**Task description:** Each record below must come back exactly as written; its pictures must not.

Stored entries:
[Start of Attachment]
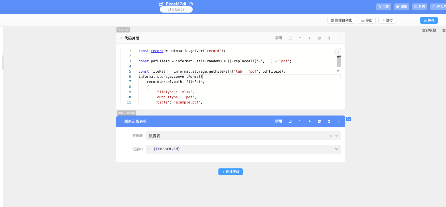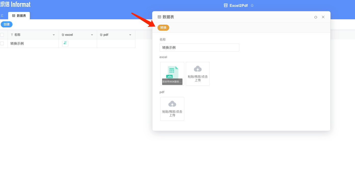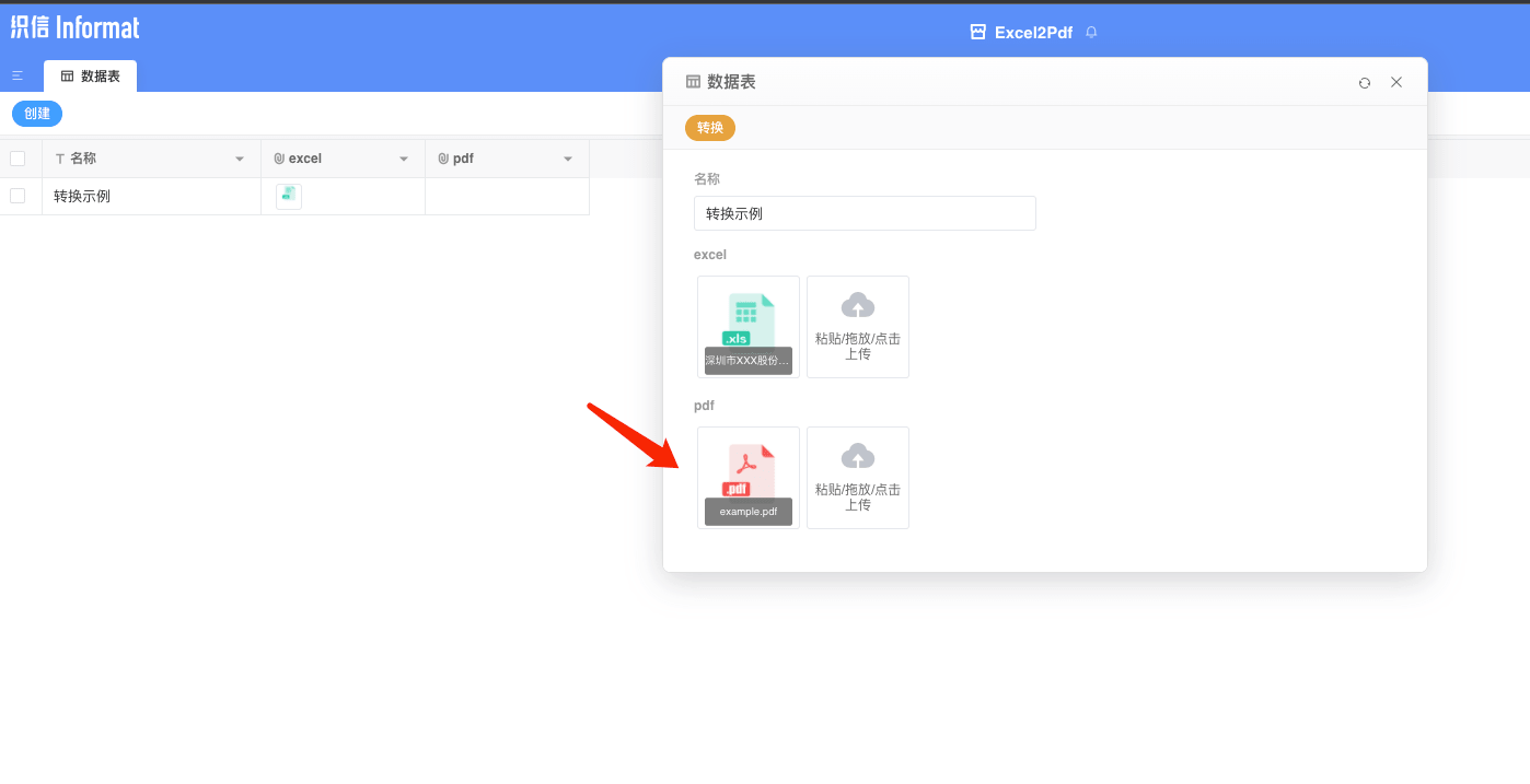 目前数据表有一个附件字段为excel文件,需要通过点击按钮将附件字段转换为pdf文件并且上传到对应字段中。
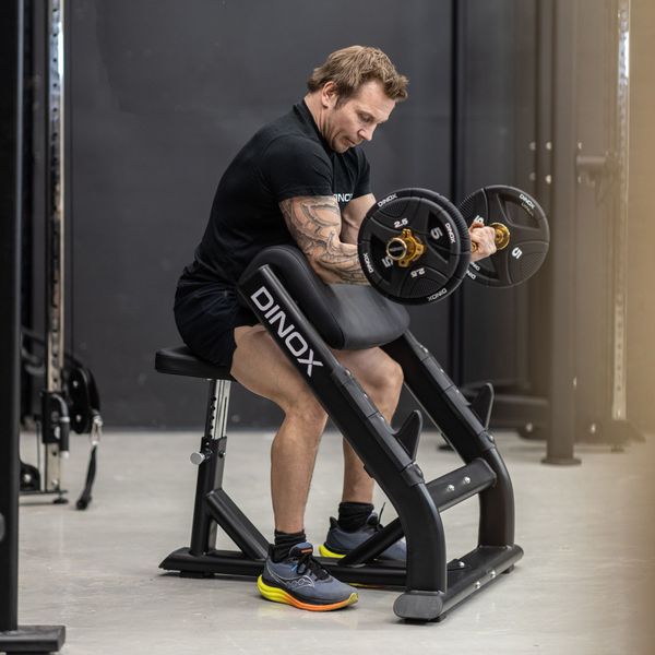 Jämäkkä ja korkeussäädettävä harjoituspenkki tehokkaaseen hauisharjoitteluun. Vakaa runko ja paksu pehmuste takaavat miellyttävän ja hallitun treenituntuman myös kovassa kuntosalikäytössä.
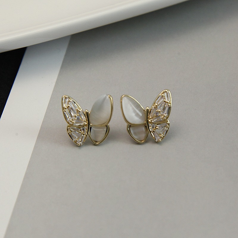 轻奢铜镀金色锆石天然贝母蝴蝶气质耳钉S925银针简约甜美耳饰女潮
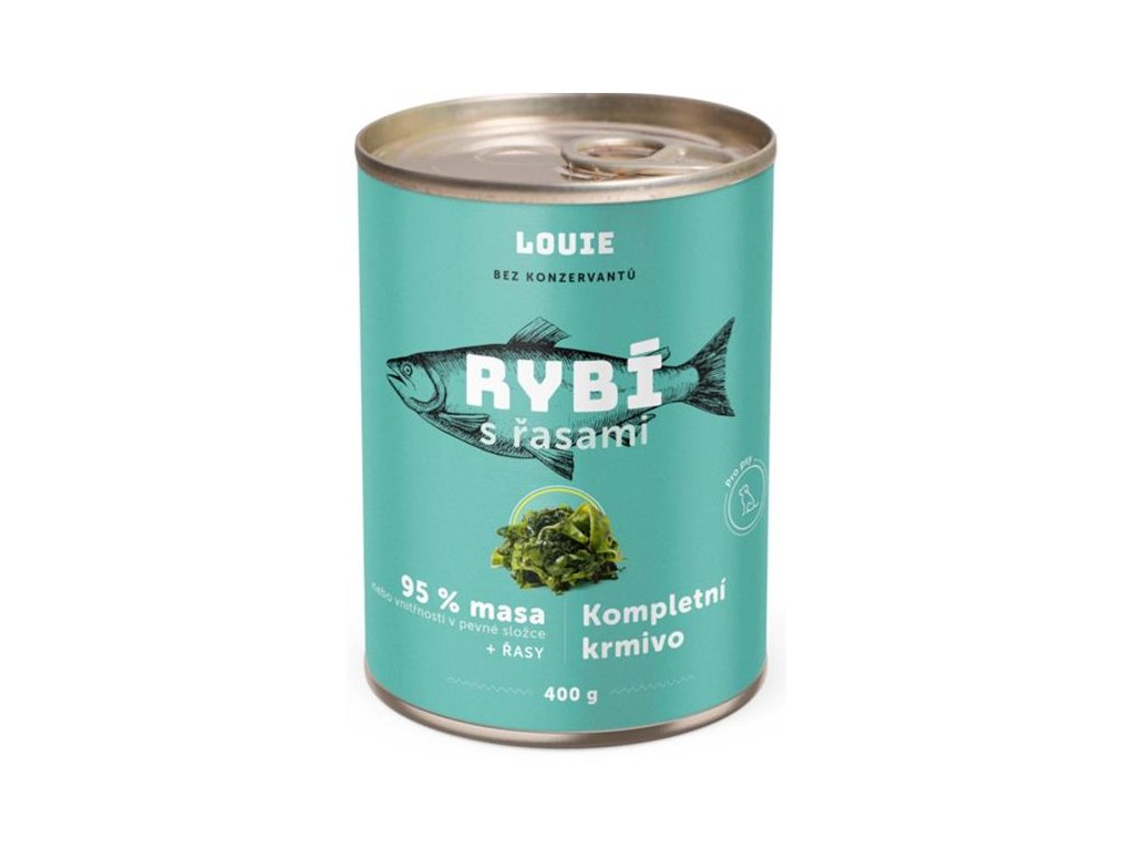Masová konzerva pro psy Louie s obsahem 95% jemně namletého masa a s 5% rýže bez přidané želatiny, konzervantů, dochucovadel, barviv či stabilizátorů.
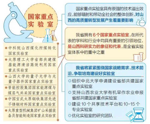 近年来,我省坚持以创新驱动高质量发展,重点实验室建设迎来了新高峰。国家重点实验室也成为区域创新发展新的战略制高点。省科技厅实验室与平台基地建设处处长王元莒介绍说,我省将紧紧围绕国家战略需求、技术前沿,争取培育建设好实验室。组织中北大学申请建设省部共建国家重点实验室;支持山西农业大学有机旱作农业申报省部共建国家重点实验室;建设10个共享技术平台和10-15个专业实验室;优化实验室的研究团队。
[End of Attachment]
**Result for this exercise:**
 目前数据表有一个附件字段为excel文件,需要通过点击按钮将附件字段转换为pdf文件并且上传到对应字段中。
 Jämäkkä ja korkeussäädettävä harjoituspenkki tehokkaaseen hauisharjoitteluun. Vakaa runko ja paksu pehmuste takaavat miellyttävän ja hallitun treenituntuman myös kovassa kuntosalikäytössä.
 轻奢铜镀金色锆石天然贝母蝴蝶气质耳钉S925银针简约甜美耳饰女潮
Masová konzerva pro psy Louie s obsahem 95% jemně namletého masa a s 5% rýže bez přidané želatiny, konzervantů, dochucovadel, barviv či stabilizátorů.
 近年来,我省坚持以创新驱动高质量发展,重点实验室建设迎来了新高峰。国家重点实验室也成为区域创新发展新的战略制高点。省科技厅实验室与平台基地建设处处长王元莒介绍说,我省将紧紧围绕国家战略需求、技术前沿,争取培育建设好实验室。组织中北大学申请建设省部共建国家重点实验室;支持山西农业大学有机旱作农业申报省部共建国家重点实验室;建设10个共享技术平台和10-15个专业实验室;优化实验室的研究团队。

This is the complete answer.